Nach dem Start ist Snapit auch schon bereit, ein Foto zu machen, um danach den entsprechenden Text „einzulesen“. Auf dem Display siehst du dein „Ziel“ und kannst über drei Buttons am rechten Rand das Foto machen, vorher „scharf stellen“ und dann schließlich Snapit beenden.
Hast du einen bestimmten Text fotografiert, kannst du wiederum mit drei Buttons am rechten Rand den Text „einlesen“ lassen, einen Bereich des Bildschirms vorher ausschneiden und zum Foto-Modus zurückkehren.
Das Zuschneiden funktioniert sehr gut. Mithilfe eines Rahmens, den du auf dem Display siehst, kannst du einen bestimmten Bereich „eingrenzen“, um diesen dann auszuschneiden. Den Rahmen kannst du durch „Anpacken“ der Seiten größer oder kleiner ziehen, du kannst ihn verschieben, indem du einfach mit dem Finger in die Mitte „drückst“ und dann den Rahmen bewegst.
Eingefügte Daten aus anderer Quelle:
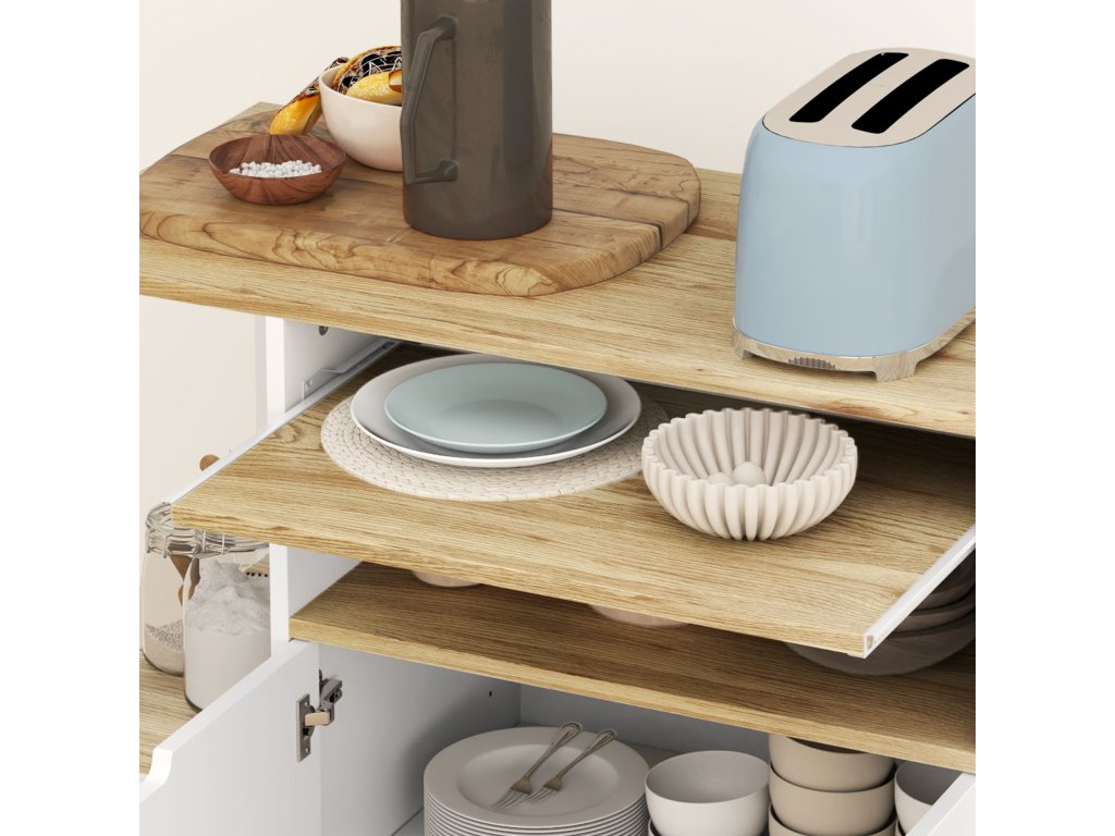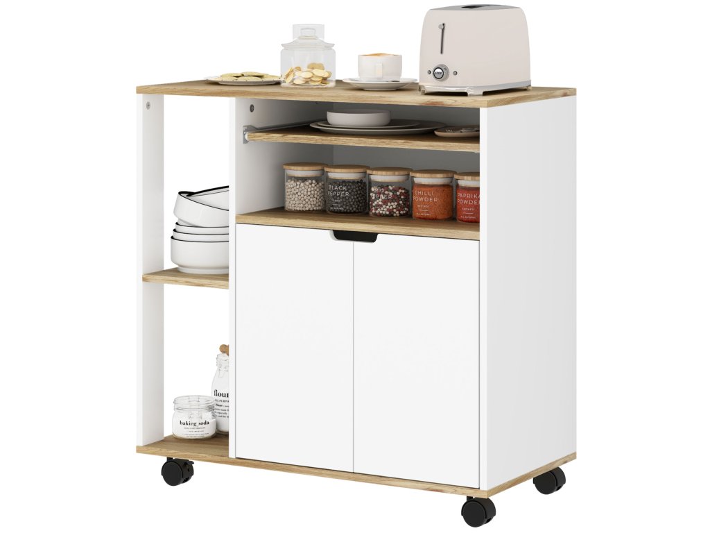 Optimalizujte svou domácnost s kuchyňským vozíkem HOMCOM! Různé možnosti ukládání usnadňují přípravu a servírování jídel. Obsahuje prostornou pracovní plochu pro přípravu pokrmů a výsuvnou polici na krájecí prkénka, pečicí papír a fólii. Koření lze přehledně uložit na malých bočních policích. Skříňka kuchyňského vozíku s dvojitými dveřmi a nastavitelnou vnitřní policí nabízí také flexibilní úložný prostor pro hrnce a pánve.
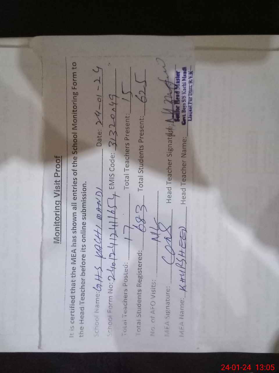 | EMIS Code: 31320049 | Name of School: GHS KACHI MANDI | |||
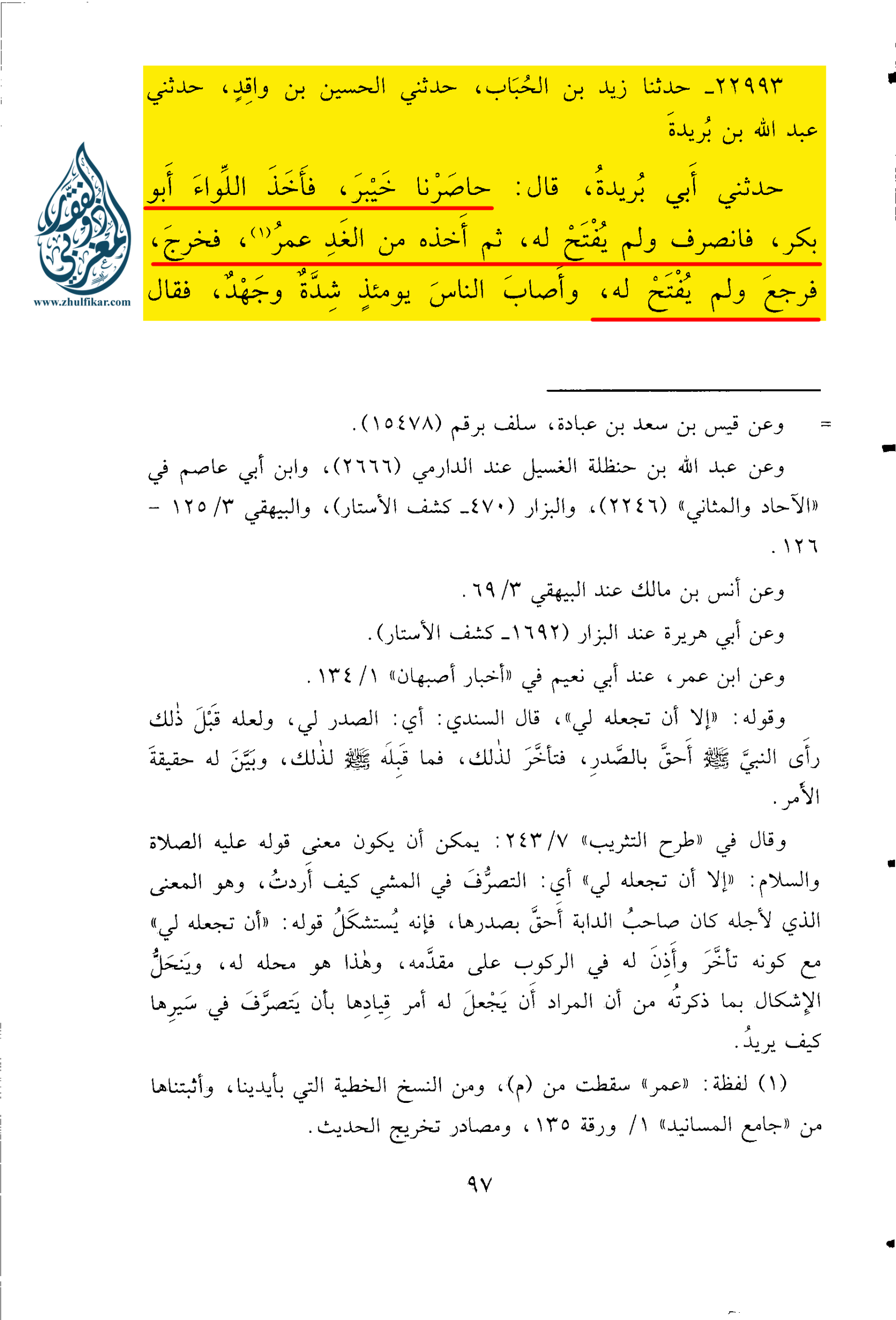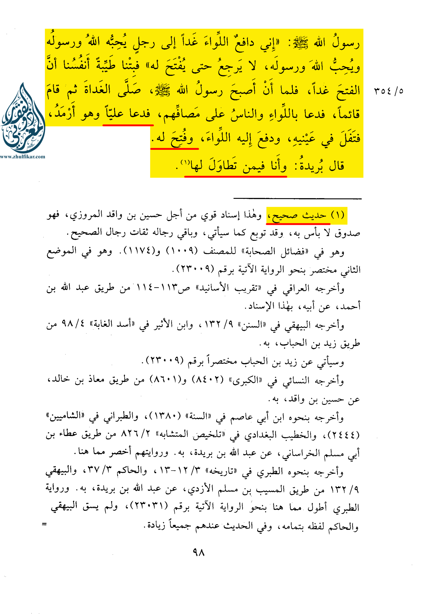 «22993 – حَدَّثَنَا زَيْدُ بْنُ الْحُبَابِ، حَدَّثَنِي الْحُسَيْنُ بْنُ وَاقِدٍ، حَدَّثَنِي عَبْدُ اللهِ بْنُ بُرَيْدَةَ، حَدَّثَنِي أَبِي بُرَيْدَةُ، قَالَ: ‌حَاصَرْنَا ‌خَيْبَرَ، فَأَخَذَ اللِّوَاءَ أَبُو بَكْرٍ، فَانْصَرَفَ وَلَمْ يُفْتَحْ لَهُ، ثُمَّ أَخَذَهُ مِنَ الْغَدِ عُمَرُ (1)، فَخَرَجَ، فَرَجَعَ وَلَمْ يُفْتَحْ لَهُ، وَأَصَابَ النَّاسَ يَوْمَئِذٍ شِدَّةٌ وَجَهْدٌ، فَقَالَ رَسُولُ اللهِ صلى الله عليه وسلم: ” إِنِّي دَافِعٌ اللِّوَاءَ غَدًا إِلَى رَجُلٍ يُحِبُّهُ اللهُ وَرَسُولُهُ وَيُحِبُّ اللهَ وَرَسُولَهُ، لَا يَرْجِعُ حَتَّى يُفْتَحَ لَهُ ” فَبِتْنَا طَيِّبَةٌ أَنْفُسُنَا أَنَّ الْفَتْحَ غَدًا، فَلَمَّا أَنْ أَصْبَحَ رَسُولُ اللهِ صلى الله عليه وسلم، صَلَّى الْغَدَاةَ ثُمَّ قَامَ قَائِمًا، فَدَعَا بِاللِّوَاءِ وَالنَّاسُ عَلَى مَصَافِّهِمْ، فَدَعَا عَلِيًّا وَهُوَ أَرْمَدُ، فَتَفَلَ فِي عَيْنَيْهِ، وَدَفَعَ إِلَيْهِ اللِّوَاءَ، وَفُتِحَ لَهُ.

Wenn du einen Bereich ausgewählt hast, musst du, wiederum durch einen Button rechts, das Bild speichern. Danach ist der Bereich ausgeschnitten, und es erscheint wieder ein Rahmen. Jetzt musst du zuerst noch die Zurück-Taste drücken, um zu der Option, den Text „auslesen“ lassen zu können, zurückzukehren. Das empfand ich als etwas verwirrend.
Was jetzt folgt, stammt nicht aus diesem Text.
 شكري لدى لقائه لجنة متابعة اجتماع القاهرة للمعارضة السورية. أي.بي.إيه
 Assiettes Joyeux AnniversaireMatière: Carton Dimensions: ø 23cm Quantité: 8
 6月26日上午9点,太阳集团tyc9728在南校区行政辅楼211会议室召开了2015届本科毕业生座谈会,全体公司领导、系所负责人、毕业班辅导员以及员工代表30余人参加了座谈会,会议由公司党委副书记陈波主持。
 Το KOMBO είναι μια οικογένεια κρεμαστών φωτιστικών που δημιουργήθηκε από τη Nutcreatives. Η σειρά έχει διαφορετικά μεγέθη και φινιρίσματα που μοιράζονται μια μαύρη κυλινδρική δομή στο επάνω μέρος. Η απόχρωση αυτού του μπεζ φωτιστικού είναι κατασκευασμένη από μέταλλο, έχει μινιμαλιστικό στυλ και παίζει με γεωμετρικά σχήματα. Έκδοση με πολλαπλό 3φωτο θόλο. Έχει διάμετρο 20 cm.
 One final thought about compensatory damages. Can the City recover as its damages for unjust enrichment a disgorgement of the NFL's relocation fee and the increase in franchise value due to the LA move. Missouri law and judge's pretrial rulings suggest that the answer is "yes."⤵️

Drückst du dann den entsprechenden Button, versucht Snapit den Text zu erkennen. Danach hast du folgende Optionen über die Buttons am rechten Rand:
Weiterleiten/Weiterverwenden
Suche
Übersetzen
Und wieder eine Zurück-Taste.
Weiterleiten kannst du den erkannten Text über SMS oder Email. Außerdem kannst du ihn auch in die Zwischenablage kopieren. Die Optionen „Suche“ und „Übersetzen“ führen jeweils auf die Internetseite der Entwickler und nicht etwa zu Google und/oder Google Translate, was ich eigentlich erwartet habe. Beide Möglichkeiten konnte ich aus Mangel an „verwertbarem Text“ nicht ausprobieren. Allerdings fiel mir auf, dass beim Aufrufen der Übersetzungs-Suchmaske (bevor die Suche überhaupt gestartet wurde) aus dem Wort „ein“ ein „a“ wurde, und die voreingestellten Sprachen für die Übersetzung Englisch und Afrikaans waren. Das hat nicht gerade einen Vertrauens erweckenden Eindruck auf mich gemacht.
Fazit:
Was Bildschirm und Bedienung angeht, funktioniert Snapit im Großen und Ganzen sehr gut. Die Schwächen der App sind die groß angepriesenen Features der Texterkennung und der Optionen „Suche“ und „Übersetzung“. Wenn Snapit konsequent weiterentwickelt und verbessert wird, könnte es eine wirklich tolle Sache werden. Momentan sehe ich hier jedoch keinen großen praktischen Nutzen.